Published: 2016-07-15

Total Pages: 279

ISBN-13: 1134803974

DOWNLOAD EBOOK

Interpreting textual mediations of history in early modernity, this volume adds nuance to our understanding of the contributions fiction and fictionalizing make to the shape and texture of versions of and debates about history during that period. Geographically, the scope of the essays extends beyond Europe and England to include Asia and Africa. Contributors take a number of different approaches to understand the relationship between history, fiction, and broader themes in early modern culture. They analyze the ways fiction writers use historical sources, fictional texts translate ideas about the past into a vernacular accessible to broad audiences, fictional depictions and interpretations shape historical action, and the ways in which nonfictional texts and accounts were given fictional histories of their own, intentionally or not, through transmission and interpretation. By combining the already contested idea of fiction with performance, action, and ideas/ideology, this collection provides a more thorough consideration of fictional histories in the early modern period. It also covers more than two centuries of primary material, providing a longer perspective on the changing and complex role of history in forming early modern national, gendered, and cultural identities.


After the Flood

After the Flood

Author: Lydia Barnett

Publisher: Johns Hopkins University Press

Published: 2019-07-02

Total Pages: 265

ISBN-13: 1421429519

DOWNLOAD EBOOK

After the Flood illuminates the hidden role and complicated legacy of religion in the emergence of a global environmental consciousness.


Communities in Early Modern England

Communities in Early Modern England

Author: Alexandra Shepard

Publisher: Manchester University Press

Published: 2000

Total Pages: 292

ISBN-13: 9780719054778

DOWNLOAD EBOOK

How were cultural, political, and social identities formed in the early modern period? How were they maintained? What happened when they were contested? What meanings did “community” have? This path-breaking book looks at how individuals were bound into communities by religious, professional, and social networks; the importance of place--ranging from the Parish to communities of crime; and the value of rhetoric in generating community--from the King’s English to the use of “public” as a rhetorical community. The essays offer an original, comparative, and thematic approach to the many ways in which people utilized communication, space, and symbols to constitute communities in early modern England.


'Grossly Material Things'

'Grossly Material Things'

Author: Helen Smith

Publisher: Oxford University Press

Published: 2012-05-03

Total Pages: 271

ISBN-13: 0199651582

DOWNLOAD EBOOK

Virginia Woolf described fictions as 'grossly material things', rooted in their physical and economic contexts. This book takes Woolf's hint as its starting point, asking who made the books of the English Renaissance.

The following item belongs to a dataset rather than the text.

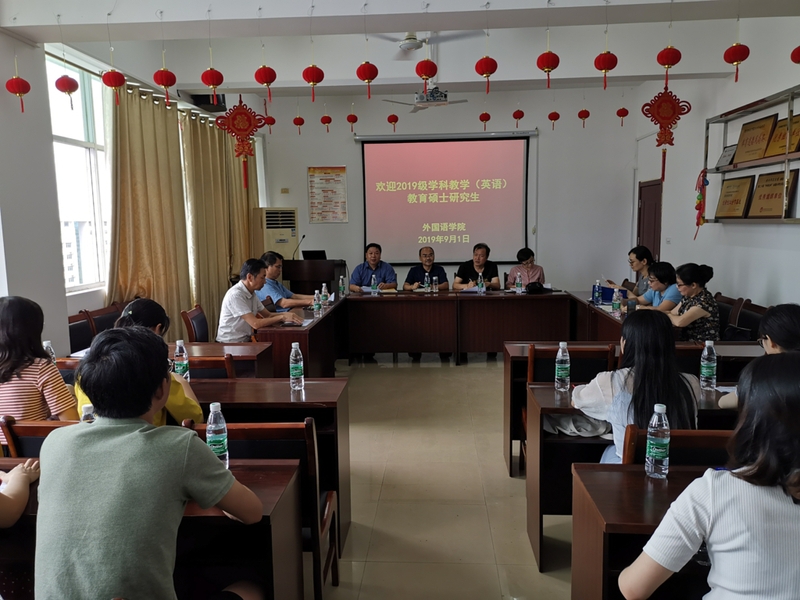 9月1日下午,外国语学院召开2019级教育硕士研究生师生见面会。外国语学院党委书记余健明教授、院长岑海兵教授、院党委副书记夏小环同志、校内硕士研究生导师、2019级教育硕士研究生新生出席了本次会议。会议由副院长郑友阶教授主持。

It recovering the ways in which women participated as co-authors, editors, translators, patrons, printers, booksellers, and readers.


Imagining Sex

Imagining Sex

Author: Sarah Toulalan

Publisher: Oxford University Press, USA

Published: 2007-09-06

Total Pages: 334

ISBN-13: 0199209146

DOWNLOAD EBOOK

'Imagining Sex' examines a variety of material from 17th century England to argue that, unlike today, pornography was not a discrete genre, nor was it usually subject to suppression. The book explores contemporary thinking on these issues and wider cultural concerns.